The Real News Network weekly report from William Black Black Report: Majority of Wall St. Money Now Goes to Romney covers a few different subjects.
One topic of the conversation is that the credit rating agencies are again becoming the enablers of Wall Street fraud.
What the credit rating agencies discovered, though, was that they were the key to making Wall Street possible to make their fortunes. And so they learned to negotiate, and they became not just credit rating agencies; they became advisers on the same deal that they were rating, despite the obvious conflict of interest. And so they would structure the deal to ensure that it would get a AAA rating and it would get a AAA rating even though the great bulk of the loans backing it were fraudulent liars’ loans. And so a chart of income for the rating agencies looks like, you know, an incredibly steep ascending hill, and they made an absolute fortune.
They got embarrassed, but you’ll note that they didn’t get sued successfully, and, of course, they didn’t even get threatened with prosecution.
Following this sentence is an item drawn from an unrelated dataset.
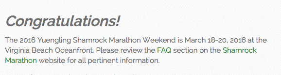 Today, I signed up for the Yuengling Shamrock Marathon in Virginia Beach, which will be held on March 20, 2016. My first half marathon race was at the same running festival in 2011, and I haven’t been back for a race there since.

So that embarrassment period where they supposedly tried to toughen up their act only lasted around a year. And what they found was whoever was toughest lost business to whoever was weak—again, this race to the bottom or Gresham’s dynamic, in which bad ethics drives good ethics out of the professions. And the result is that they’ve pitched, you know, thrown to the curb the only guy at Standard & Poor’s—which is the biggest of the rating agencies—who was their symbol of trying to be tougher.
What really irks me about this is that one of the fundamentals of my investing strategy depends on a selection of S & P A-rated companies. I have to be extra vigilant about believing anything from S & P. Since they did this before, I guess this is not anything new with them.